Alternatively, this can be done in command line based on [r.mfilter input=DEM output=DEM_filtered filter= ‘path to filter file’ repeat= ‘number of repeats’].
Images are provided from each output wetness index, to allow investigation of the differences in wetness index output resulting from filtering the DEM with a 5x5 average filter. Generally trial and error is required to find the proper series of filters for your research needs. However, the following images should give an idea on the basic effects of average filtering.
Figure 6: Wetness indices that were generated from differently filtered DEMs.
Figure 7: Wetness indices, generated from differently filtered DEMs, in the northern region of the Carp watershed.
Figure 8: Wetness indices, generated from differently filtered DEMs, in the southern region of the Carp watershed.
Verifying Outputs:
Verifying Watershed Boundaries:
To assess the accuracy of the watershed boundary outputs, obtain digital maps (either raster or vector) of verified watershed boundaries from local conservation authorities. By superimposing the verified watersheds over the watershed outputs, the accuracy of watershed outputs can be visually evaluated. Furthermore, statistical comparison of the verified and output watersheds is possible, if need be.

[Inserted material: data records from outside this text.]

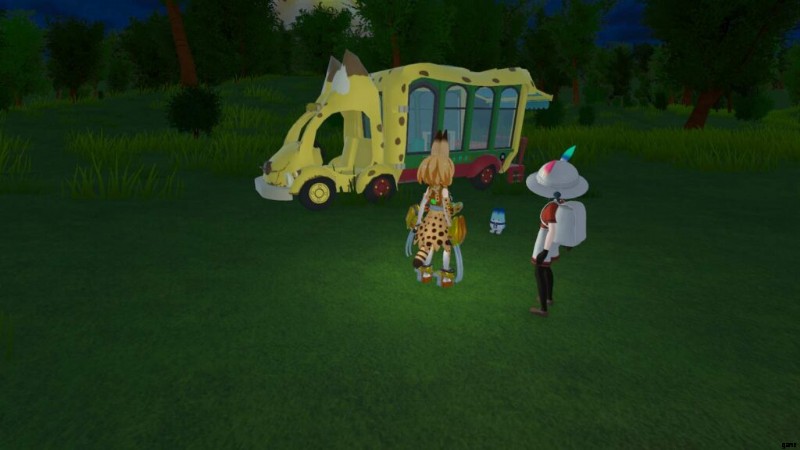かばんを呼び、バスでラッキービーストに近づく。タッチするとかばんとラッキービーストが話しかけます。その後、ビッグドッグと戦います。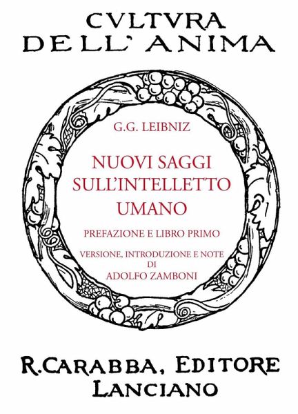 La collana "Cultura dell'anima" fu ideata da Giovanni Papini e pubblicata da Rocco Carabba dal 1909 al 1938, per un totale di 163 titoli. Dal 2008 la casa editrice Carabba ha deciso di ripubblicare, in ristampa anastatica, nella sua interezza la collana "Cultura dell'anima" con l'uscita di circa trenta volumi annuali. Prefazione e libro primo. Versione, introduzione e note di Adolfo Zamboni. Edizione originale Carabba 1930. I "Nuovi saggi" non furono pubblicati dal Leibniz, perché nel 1704 venne a morte il Locke, col quale aveva polemizzato nell'opera; essi videro la luce soltanto nel 1765 per cura del Raspe. Das Urheberrecht an bibliographischen und produktbeschreibenden Daten und an den bereitgestellten Bildern liegt bei Informazioni Editoriali, I.E. S.r.l., oder beim Herausgeber oder demjenigen, der die Genehmigung erteilt hat. Alle Rechte vorbehalten.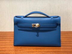 エルメスミニケリークラッチエルメスオリジナルパームレザーミニケリーバッグ7Wイズミールブルーゴールドバックル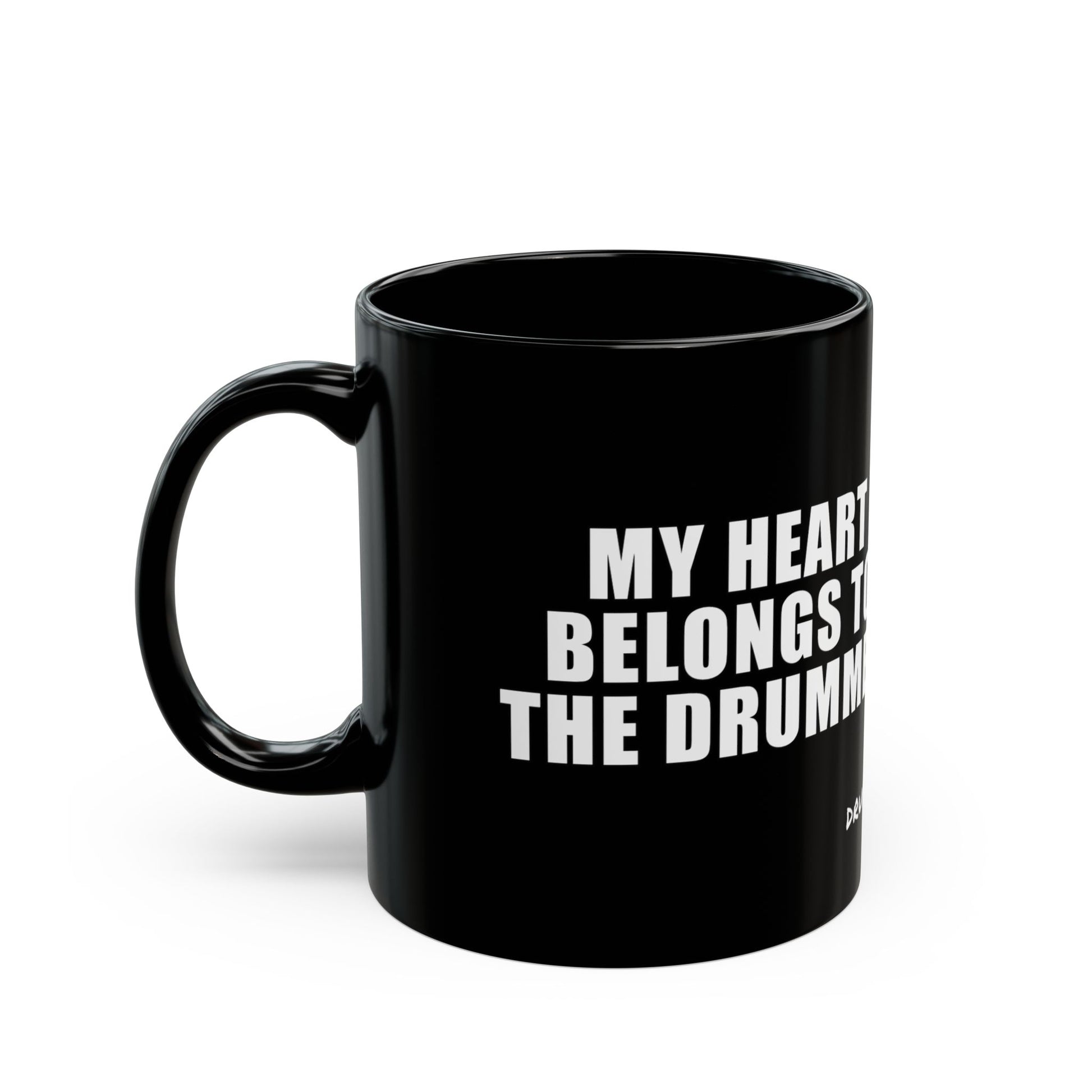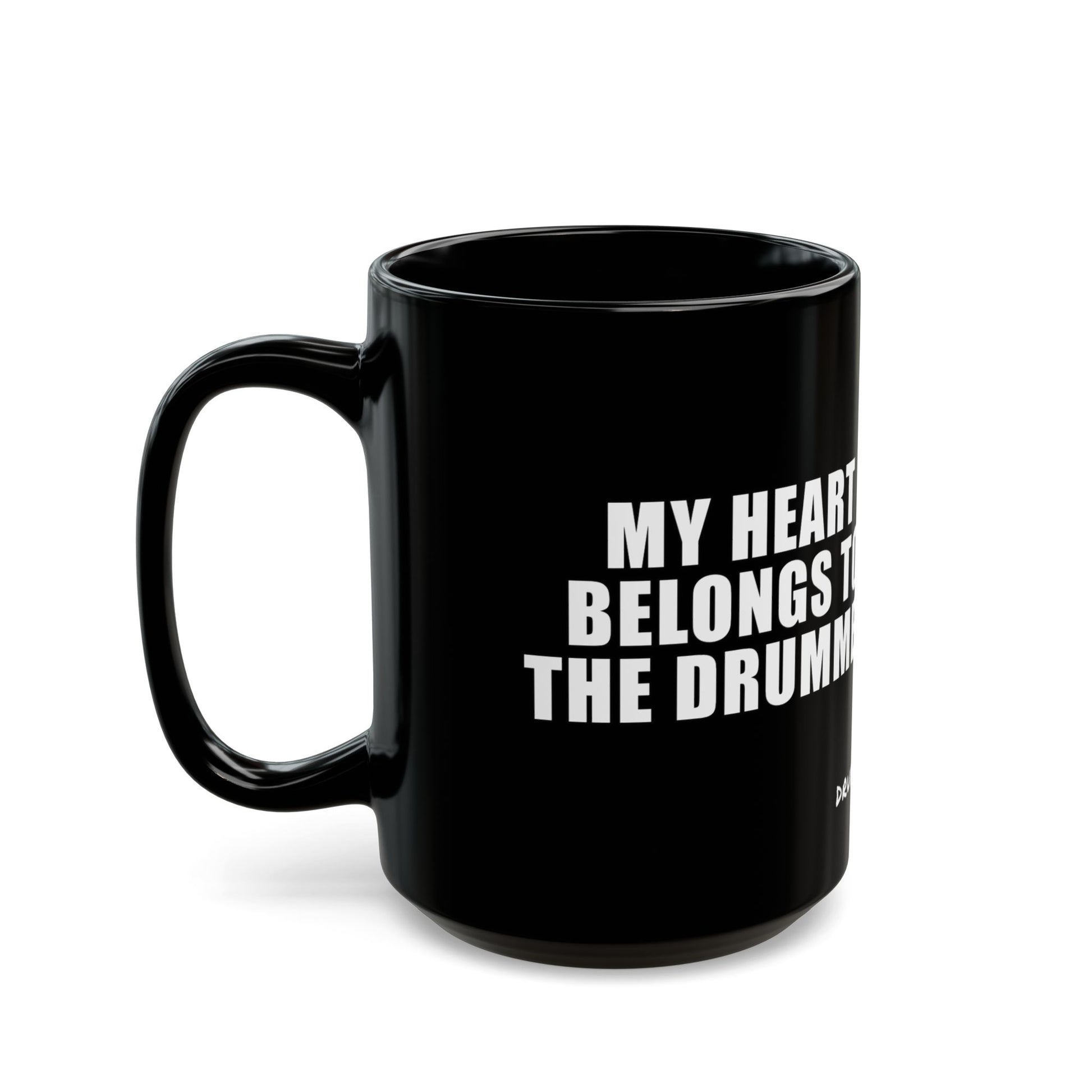 Black Ceramic Mug — “My Heart Belongs to Drummer…Send Help” Drummer Gift (11oz & 15oz)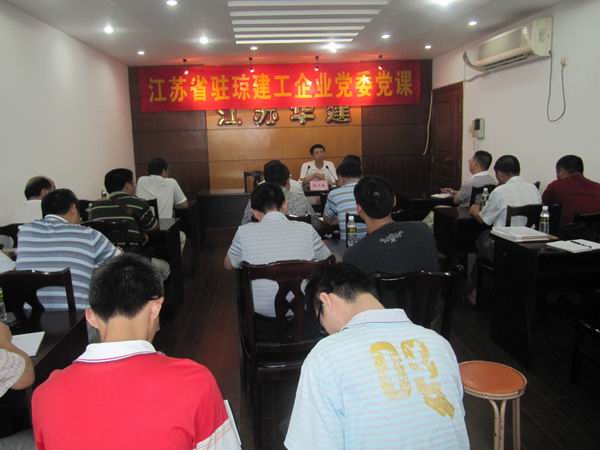 9月14日,江蘇駐瓊建工企業(yè)黨委邀請(qǐng)海南省直機(jī)關(guān)工委組織部長(zhǎng)謝衛(wèi)國(guó)給江蘇華建海南分公司黨員、預(yù)備黨員、入黨積極分子等30余人上了一堂題為《在新形勢(shì)下加強(qiáng)黨組織建設(shè)》的專(zhuān)題黨課,謝部長(zhǎng)從認(rèn)清形勢(shì)、明確任務(wù)、切實(shí)增強(qiáng)責(zé)任意識(shí),統(tǒng)籌兼顧、黨政結(jié)合、正確處理好黨政關(guān)系,嚴(yán)格要求、率先垂范、充分發(fā)揮表率作用,圍繞中心、創(chuàng)新載體、不斷激發(fā)工作活力等四個(gè)方面作了輔導(dǎo)。通過(guò)此次黨課教育,大家深受啟發(fā),心靈得到了一次洗禮和升華,決心腳踏實(shí)地,做好本職工作,盡心盡責(zé),以實(shí)際行動(dòng)迎接黨的十八大順利召開(kāi)。江蘇駐瓊建工企業(yè)黨委書(shū)記王宏出席并主持了黨課。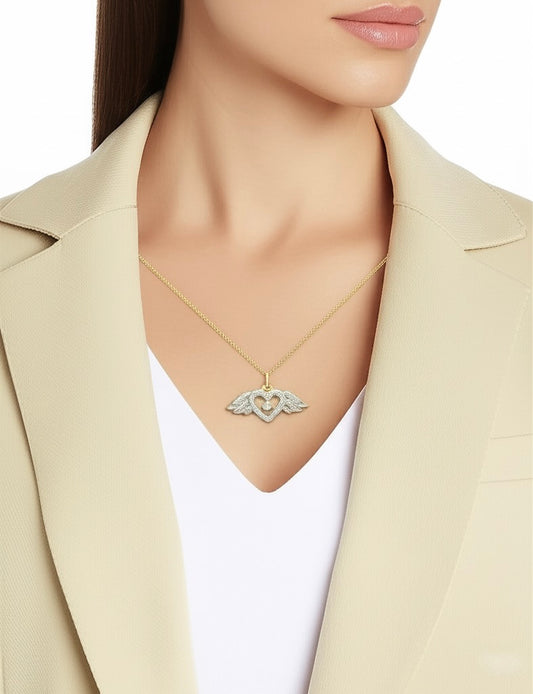 10k Gold MOM Wings Heart Charm with 1/6 CT Diamond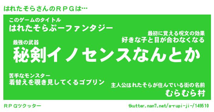 | 伝説のあだ名 | 『伝説のスナイパーはれたそら』 |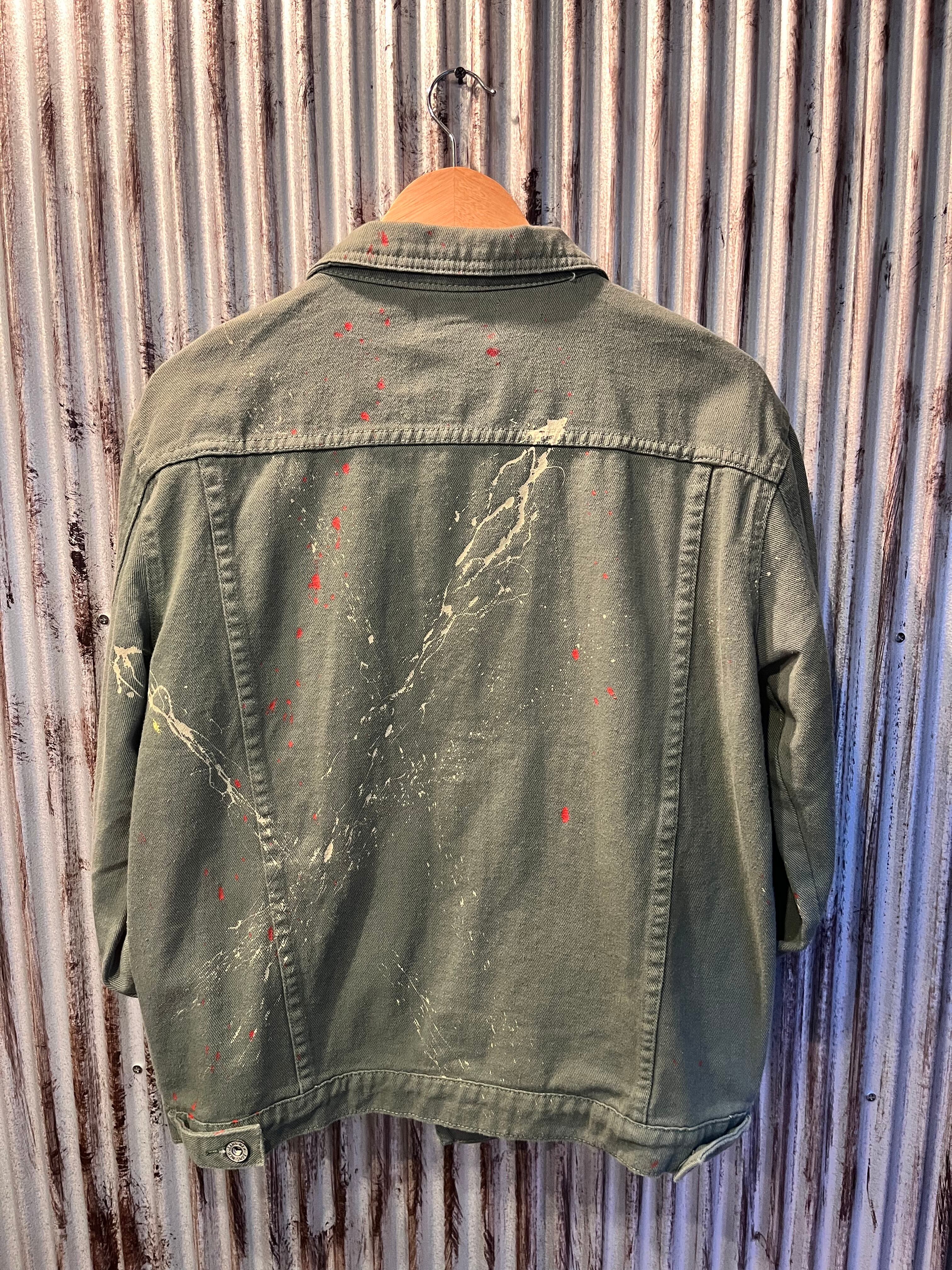 スパッタリングといった技法で装飾された、OLDNEWオリジナルデニムジャケット。

Figure 9: Two watershed outputs (r.watershed, r.water.outlet) with a superimposed watershed verification vector. In the sample analysis, the watershed verification vector was published by Ministry of Natural Resources.
Verifying Wetness Index:
If digital topographic maps are available in your area, they can provide a good means of evaluating the potential accuracies of your output wetness index images. By superimposing the wetness index images (with transparency of ~60%) over the topographic maps, the relative accuracy of each wetness index can be evaluated. To evaluate wetness index accuracy, the types of land cover (based on topographic maps) that fall in relatively wet or dry areas (based on wetness index) should be investigated. For example, if the majority of creeks, streams, and swampy areas on the topographic map are shown to be ‘wet’ areas on the wetness index, this would suggest that an accurate wetness index image was generated. On the other hand, if the majority of creeks, streams, and swampy areas on the topographic map are shown to be ‘dry’ areas on the wetness index, the index is likely inaccurate.
Figure 10: Screenshot during wetness index verification, in the northern region of the Carp watershed.
Figure 11: Screenshot during wetness index verification, in the southern region of the Carp watershed.